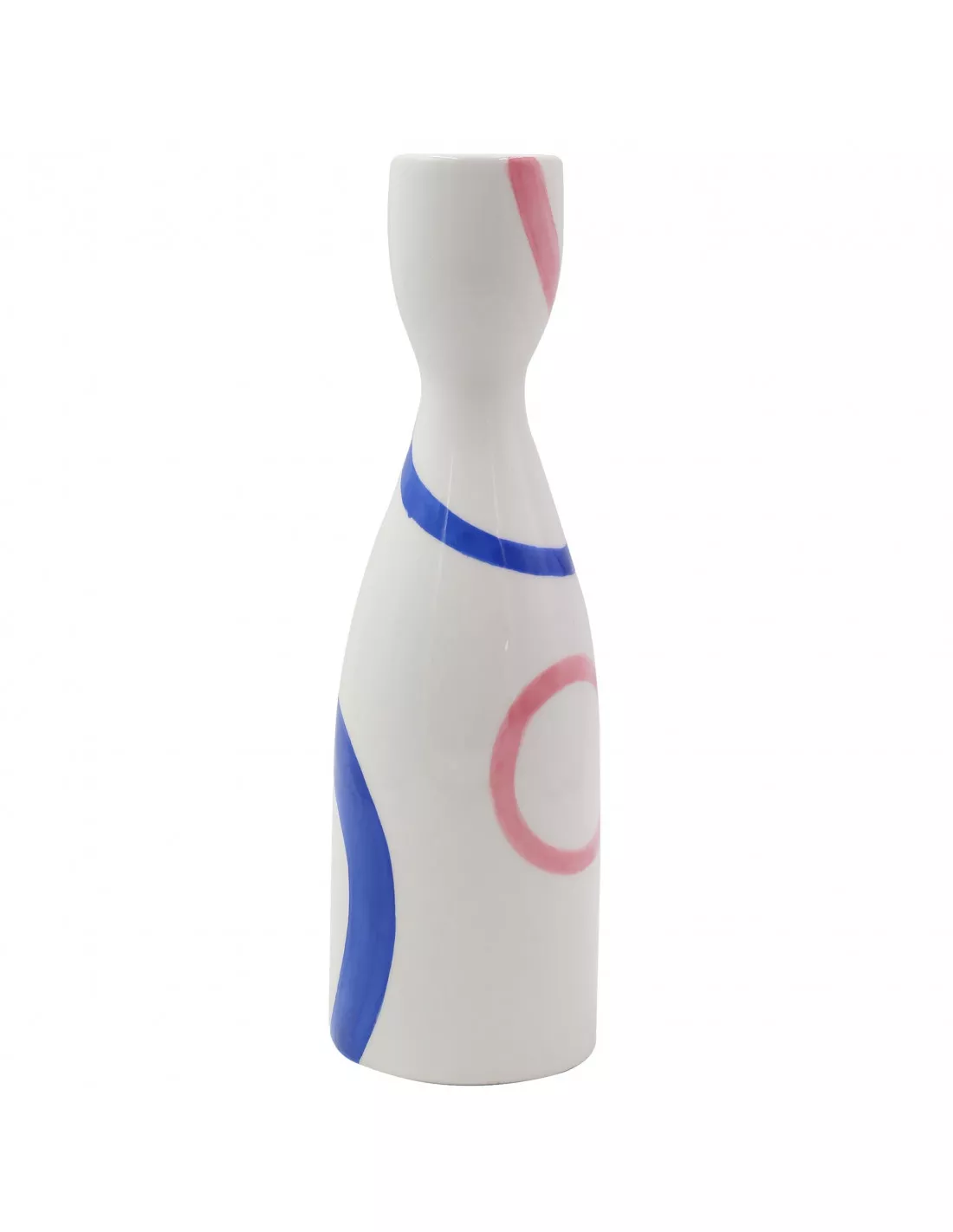 Ce bougeoir se pare de motifs abstraits peints à la main, mêlant des nuances de bleu azur et de rose délicat sur une base de dolomite blanc pur. Sa silhouette élancée et organique, protégée par un émail brillant, reflète la lumière de la bougie pour créer une atmosphère apaisante et chaleureuse. Chaque pièce étant réalisée artisanalement, les variations de couleurs garantissent un objet unique pour votre maison.
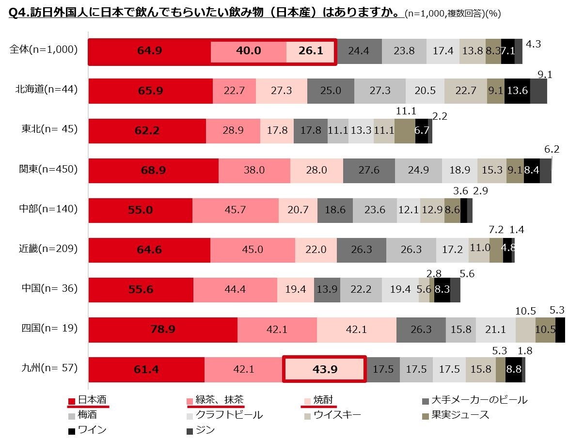 ・訪日外国人に飲んでもらいたいものは「日本酒」が1位で、次いで「緑茶、抹茶」。九州では「焼酎」が2位。
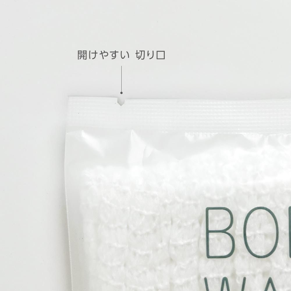引っ張ると最大100cmまで伸びる伸縮性バツグンのボディタオル。目の細かい生地で泡立ちが良く、ふわふわの泡で体を洗えます。バイオマス度15のパッケージで環境対策もバッチリです。
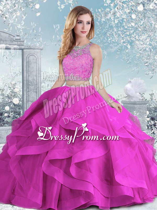 Neckline : ScoopShown Color : FuchsiaSilhouette : Ball GownsSleeve Length : sleevelessHemline : floor lengthBack Detail : Clasp handleFabric : OrganzaEmbellishment : Beading,RufflesOccasion : Military Ball,Sweet 16,QuinceaneraSeason : Spring,Summer,Fall,Winter
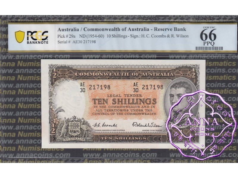 1954 R16 Ten Shillings Coombs/Wilson PCGS 66 PPQ
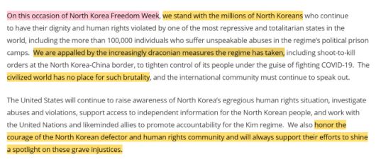 이어 “우리는 또한 탈북자와 인권 사회의 용기에 경의를 표하며, 이런 중대한 불의를 집중조명하려는 그들의 노력을 항상 지지할 것”이라고 강조했다.
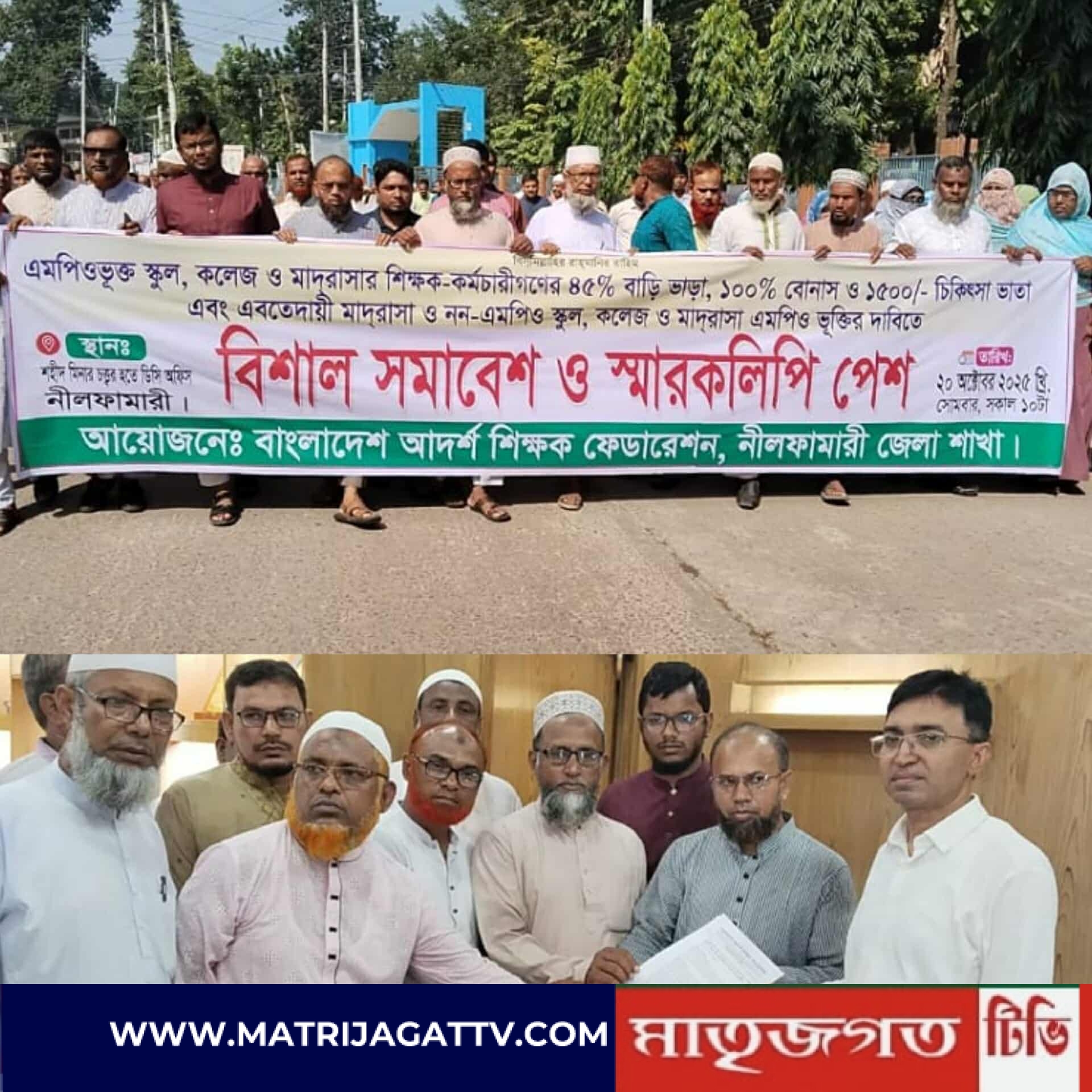 শিক্ষা সংস্কার, এমপিওভুক্তি, বকেয়া ভাতা পরিশোধ ও শিক্ষক-কর্মচারীদের জীবনমান উন্নয়নসহ পাঁচ দফা দাবিতে প্রধান উপদেষ্টার বরাবর জেলা প্রশাসক মোহাম্মদ নায়িদুজ্জামানের কাছে স্মারকলিপি প্রদান করেছে বাংলাদেশ আদর্শ শিক্ষক-কর্মচারী ফেডারেশন নীলফামারী জেলা শাখা।
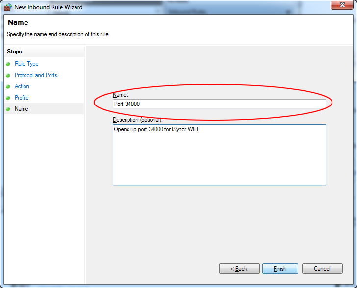 - Type "Port 34000" into the "Name" text field. Click Finish. You're done!
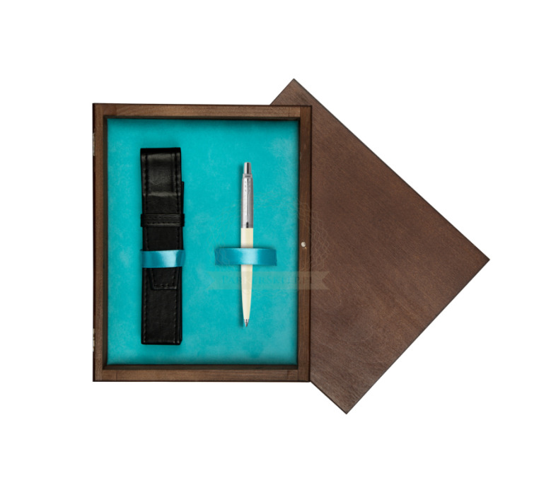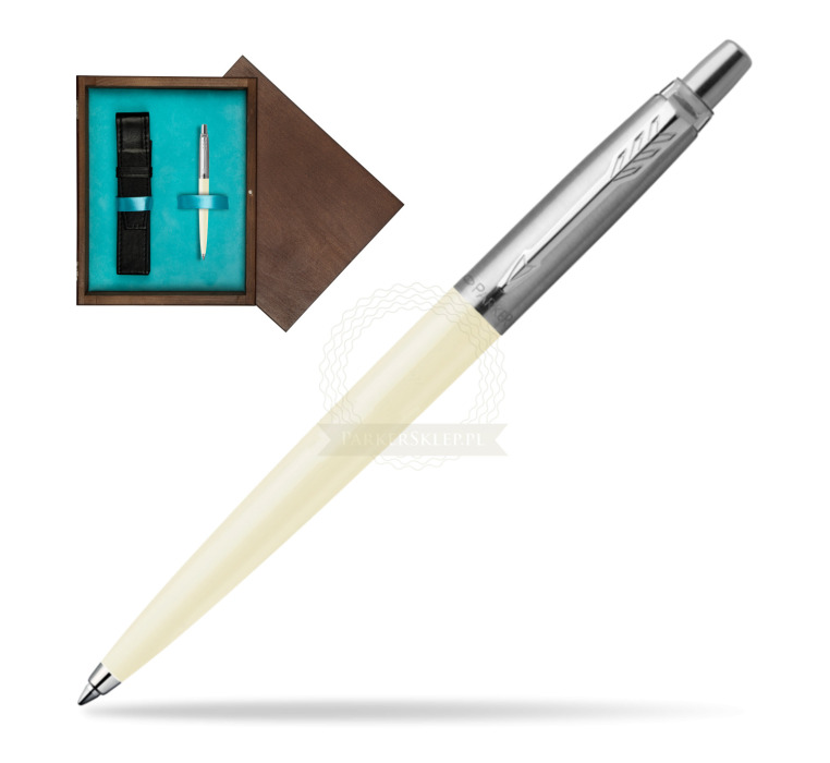 Długopis Parker Jotter Ecru w pudełku drewnianym Wenge Single Turkus (S0946000_W1T)
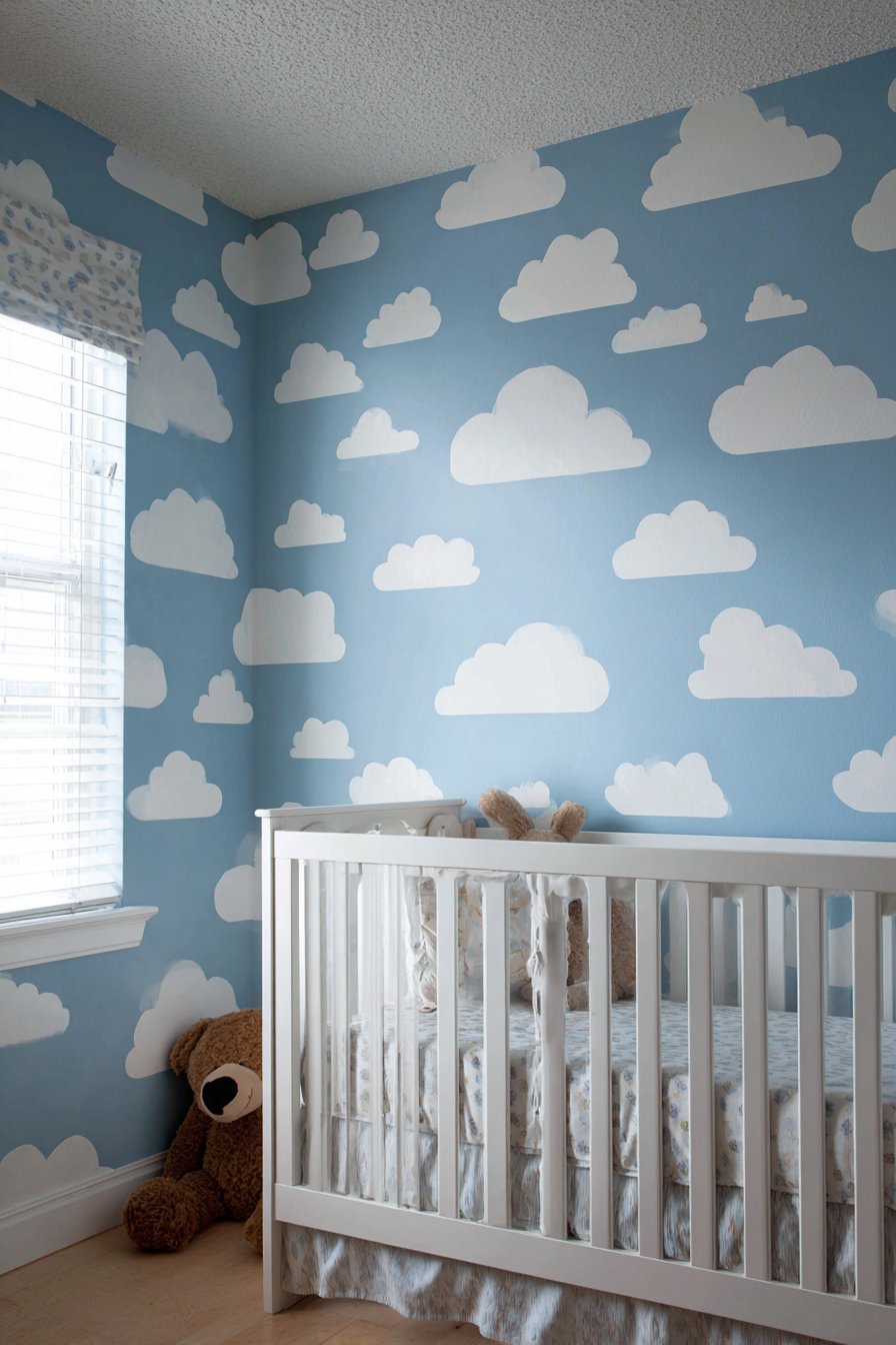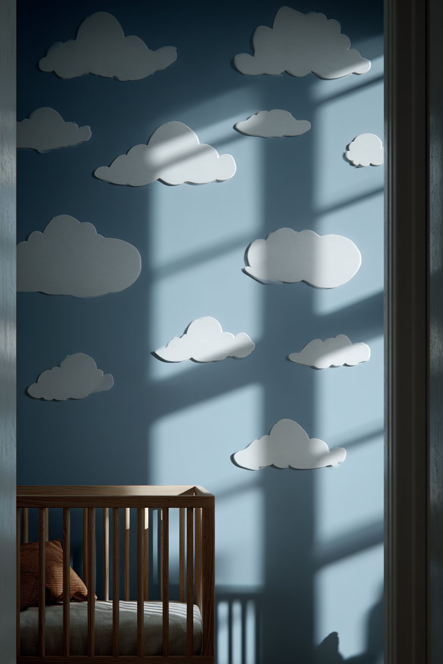 Key Design Tips: Clean walls thoroughly before application to ensure good adhesion. Plan arrangement by cutting cloud shapes from paper first and testing placement with painter’s tape. Apply decals to smooth, painted walls rather than textured surfaces for best adhesion. Use credit card or squeegee to remove air bubbles during application. Avoid placing decals where direct sunlight hits as UV exposure can affect adhesion over time. Choose matte finish decals rather than glossy for more authentic painted appearance. Understand that some paint may lift during removal even with “removable” decals—test in inconspicuous area first. Consider adding small star or moon decals to enhance nighttime sky theme. Remove decals gently by peeling slowly at low angle rather than pulling straight away from wall.
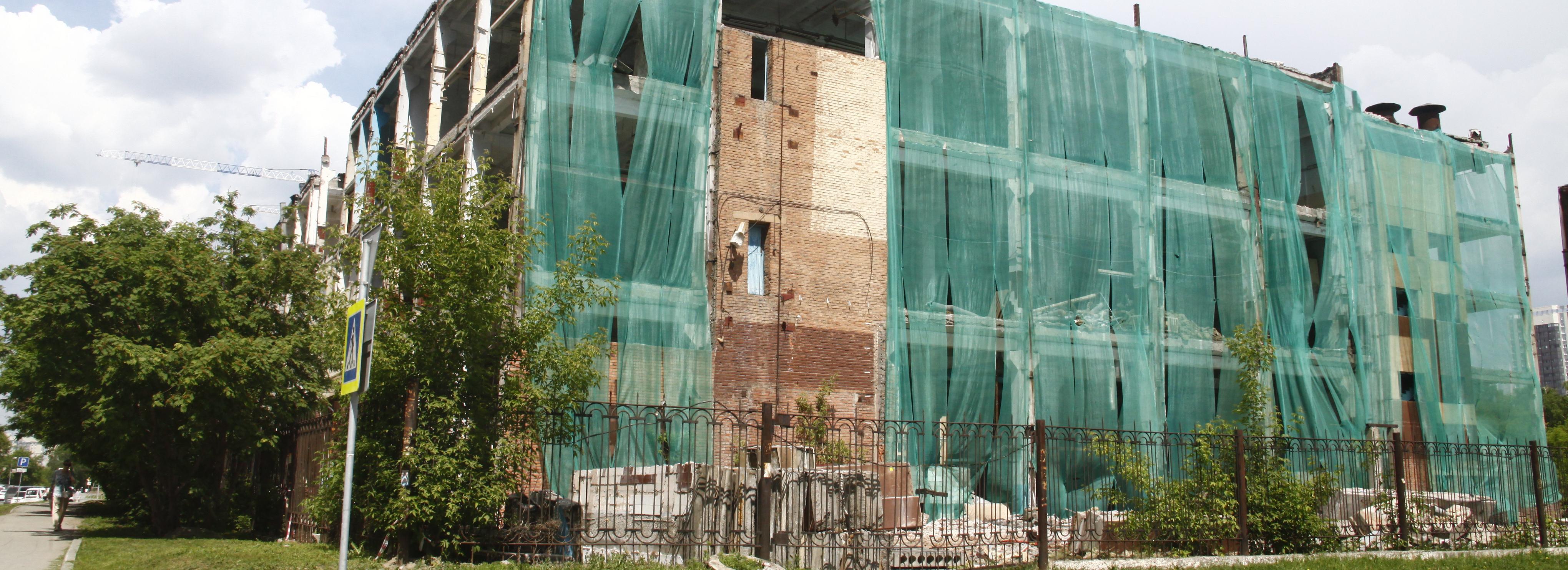 В центре Новосибирска завершается снос пятиэтажного корпуса жиркомбината. Пустовавшее несколько лет здание разбирают с помощью спецтехники с начала мая.
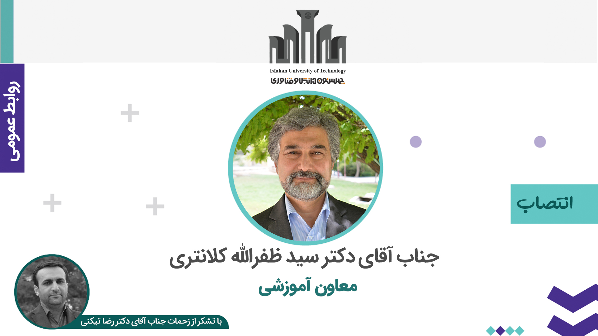 سرپرست دانشگاه صنعتی اصفهان طی حکمی دکتر سيد ظفرالله کلانتری، استاد دانشکده فیزیک این دانشگاه را به سمت معاون آموزشی دانشگاه منصوب کرد.
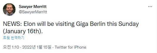1. 기가 베를린의 빠른 양산 시작을 촉구하기 위해서인지, 오픈에 앞선 방문인지는 확실하지 않지만 머스크가 주말 베를린을 방문할 예정입니다.

Task statement> Give every entry above again, exactly, and keep all pictures out of it.

Solved exercise>
 Ce bougeoir se pare de motifs abstraits peints à la main, mêlant des nuances de bleu azur et de rose délicat sur une base de dolomite blanc pur. Sa silhouette élancée et organique, protégée par un émail brillant, reflète la lumière de la bougie pour créer une atmosphère apaisante et chaleureuse. Chaque pièce étant réalisée artisanalement, les variations de couleurs garantissent un objet unique pour votre maison.
 ・訪日外国人に飲んでもらいたいものは「日本酒」が1位で、次いで「緑茶、抹茶」。九州では「焼酎」が2位。
引っ張ると最大100cmまで伸びる伸縮性バツグンのボディタオル。目の細かい生地で泡立ちが良く、ふわふわの泡で体を洗えます。バイオマス度15のパッケージで環境対策もバッチリです。
 Neckline : ScoopShown Color : FuchsiaSilhouette : Ball GownsSleeve Length : sleevelessHemline : floor lengthBack Detail : Clasp handleFabric : OrganzaEmbellishment : Beading,RufflesOccasion : Military Ball,Sweet 16,QuinceaneraSeason : Spring,Summer,Fall,Winter
 1954 R16 Ten Shillings Coombs/Wilson PCGS 66 PPQ
 이어 “우리는 또한 탈북자와 인권 사회의 용기에 경의를 표하며, 이런 중대한 불의를 집중조명하려는 그들의 노력을 항상 지지할 것”이라고 강조했다.
 শিক্ষা সংস্কার, এমপিওভুক্তি, বকেয়া ভাতা পরিশোধ ও শিক্ষক-কর্মচারীদের জীবনমান উন্নয়নসহ পাঁচ দফা দাবিতে প্রধান উপদেষ্টার বরাবর জেলা প্রশাসক মোহাম্মদ নায়িদুজ্জামানের কাছে স্মারকলিপি প্রদান করেছে বাংলাদেশ আদর্শ শিক্ষক-কর্মচারী ফেডারেশন নীলফামারী জেলা শাখা।
 - Type "Port 34000" into the "Name" text field. Click Finish. You're done!
 Długopis Parker Jotter Ecru w pudełku drewnianym Wenge Single Turkus (S0946000_W1T)
 Key Design Tips: Clean walls thoroughly before application to ensure good adhesion. Plan arrangement by cutting cloud shapes from paper first and testing placement with painter’s tape. Apply decals to smooth, painted walls rather than textured surfaces for best adhesion. Use credit card or squeegee to remove air bubbles during application. Avoid placing decals where direct sunlight hits as UV exposure can affect adhesion over time. Choose matte finish decals rather than glossy for more authentic painted appearance. Understand that some paint may lift during removal even with “removable” decals—test in inconspicuous area first. Consider adding small star or moon decals to enhance nighttime sky theme. Remove decals gently by peeling slowly at low angle rather than pulling straight away from wall.
 В центре Новосибирска завершается снос пятиэтажного корпуса жиркомбината. Пустовавшее несколько лет здание разбирают с помощью спецтехники с начала мая.
 سرپرست دانشگاه صنعتی اصفهان طی حکمی دکتر سيد ظفرالله کلانتری، استاد دانشکده فیزیک این دانشگاه را به سمت معاون آموزشی دانشگاه منصوب کرد.
1. 기가 베를린의 빠른 양산 시작을 촉구하기 위해서인지, 오픈에 앞선 방문인지는 확실하지 않지만 머스크가 주말 베를린을 방문할 예정입니다.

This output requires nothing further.